Dagmar Freitag erklärte, sie glaube, dass der DFB noch lange nicht aus der Krise heraus sei. Denn noch sei unklar, wie die Fußball-Weltmeisterschaft 2006 tatsächlich nach Deutschland gekommen sei. Nach dem Bericht der Wirtschaftskanzlei Freshfields gebe es keinen Beleg, dass die WM gekauft worden sei. Aber auch keinen Gegenbeweis. Ob für den DFB der Fall damit abgeschlossen sei, sei nicht klar. Ihr persönlich reiche die Erkenntnis nicht, so Freitag.
Keine Scheu vor "Legenden"
Wenn Ermittlungen ergeben sollten, dass Fußball-Prominente sich nicht gesetzeskonform verhalten haben, müsse man als DFB-Präsident Konsequenzen fordern, auch wenn es sich bei den Beschuldigten um "Legenden" handele. Wenn nur die Kandidatur Deutschlands um die Europameisterschaft 2024 auf der Tagesordnung des neuen Präsidenten stände, wäre ihr das zu wenig, so Freitag weiter.
Die Tatsache, dass Reinhard Grindel zuvor gleich mehrere Ämter inne hatte - als CDU-Bundestagsabgeordneter war er Mitglied des Sportausschusses und zugleich DFB-Schatzmeister- , sei "nicht unbedingt von Nachteil", erklärte Freitag. Im Gegenteil könne es von Vorteil sein, wenn man seine Kenntnisse einbringen könne - solange man die Tätigkeiten "klar und deutlich trennt". Der DFB sei vor der Sommermärchen-Affäre auch kein Gegenstand des Sportausschusses gewesen.

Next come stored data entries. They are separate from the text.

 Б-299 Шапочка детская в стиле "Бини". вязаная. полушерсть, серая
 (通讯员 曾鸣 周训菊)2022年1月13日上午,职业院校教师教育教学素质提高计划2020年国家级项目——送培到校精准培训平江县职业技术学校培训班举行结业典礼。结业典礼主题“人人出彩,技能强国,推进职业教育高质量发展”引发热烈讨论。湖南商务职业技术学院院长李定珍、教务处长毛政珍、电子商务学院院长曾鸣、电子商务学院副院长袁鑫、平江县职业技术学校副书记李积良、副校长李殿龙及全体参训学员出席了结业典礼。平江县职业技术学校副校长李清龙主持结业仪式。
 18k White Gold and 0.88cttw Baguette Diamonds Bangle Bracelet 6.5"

Peter Kapern: Entscheidend ist auf’m Platz und nicht im Plenum, hat sich der CDU-Bundestagsabgeordnete Reinhard Grindel wahrscheinlich irgendwann gedacht, und jetzt wird er heute zum DFB-Präsidenten gewählt. Das war viele Jahrzehnte lang ein wirklich prächtiger Job, der beständigen Applaus und auch noch lebenslang freien Eintritt zu Fußballspielen sicherte. Heute sieht das etwas anders aus: Nicht, dass DFB-Präsidenten heute für die Tickets zahlen müssten, aber der DFB ist ein schwer lädierter Verband, der immer noch nicht nachweisen konnte, dass die WM 2006 nicht durch Korruption und Bestechung nach Deutschland gekommen ist. Heute beim außerordentlichen Bundestag des DFB wird Grindel gewählt, und welche Erwartungen an ihn gerichtet sind, das soll uns seine SPD-Abgeordnetenkollegin Dagmar Freitag jetzt erläutern, die Vorsitzende des Sportausschusses des Deutschen Bundestages. Guten Morgen, Frau Freitag.

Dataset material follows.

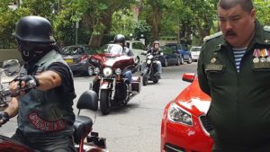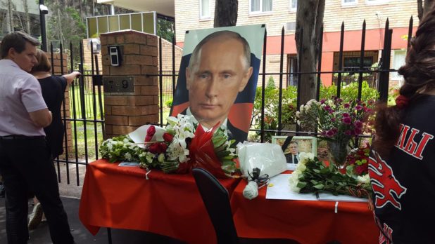Members of the Russian community — some in full Russian military regalia — as well as representatives of the Turkish (yeah, what a cheek), Serbian, and Palestinian communities expressed their sympathies and showed support for Russian president Vladimir Putin and the Syrian government in their fight against western-backed terrorists. A group of rugged Russian bikers also turned up to pay their respects.

Dagmar Freitag: Guten Morgen, Herr Kapern.
Kapern: Was denken Sie, was die wichtigste Aufgabe des neuen DFB-Präsidenten Reinhard Grindel sein muss? Was muss für ihn an erster Stelle stehen?
Freitag: Es ist schwierig, eine Rangfolge aufzustellen. Aber wenn ich das versuchen soll, würde ich das Stichwort Transparenz an die allererste Stelle setzen. Ich glaube nämlich, dass der Deutsche Fußballbund noch lange nicht aus seiner Krise heraus ist. Erstens wissen wir nach wie vor noch nicht, Sie haben es in der Anmoderation gesagt, wie die WM tatsächlich nach Deutschland gekommen ist. Da werden wir noch die staatsanwaltlichen Ermittlungen abwarten, denke ich mal, um vielleicht aus weiteren Ergebnissen andere Schlüsse ziehen zu können.
Aber es geht natürlich auch um Transparenz nach innen, um Geschäftsgebaren des Deutschen Fußballbundes, die Frage der Gemeinnützigkeit könnte auf dem Spiel stehen. Da sind eine Menge Fragen, aber Transparenz ist, glaube ich, das erste, was gemacht werden muss, um Glaubwürdigkeit zurückzugewinnen.
"Eine Chance einräumen zu zeigen, dass er es ernst meint"
Kapern: Er selbst hat als seine wichtigste Aufgabe die Bewerbung um die Austragung der Europameisterschaft 2024 genannt. Jetzt steht der Verdacht im Raum, jedenfalls bei mir, er hat eine völlig andere Prioritätensetzung als Sie. Wird er möglicherweise ein Präsident des "Schwamm drüber" sein wollen?
Freitag: Das wird die Zeit zeigen. Das kann ich jetzt im Vorfeld noch nicht beurteilen. Ich denke, grundsätzlich sollte man jedem, der ein Amt in schwierigen Zeiten übernimmt, auch eine Chance einräumen zu zeigen, dass er es ernst meint mit dem Zurückgewinnen der Glaubwürdigkeit. Ich glaube, das ist der Deutsche Fußballbund all denen schuldig, die sich für den Fußball, der ja nun eine faszinierende Sportart ist, ehrenamtlich an der Basis engagieren. Denn die Ehrenamtlichen, die vielen Trainer, Vereinsvorsitzenden, die schauen auch schon sehr gebannt und gespannt auf das, was jetzt kommt.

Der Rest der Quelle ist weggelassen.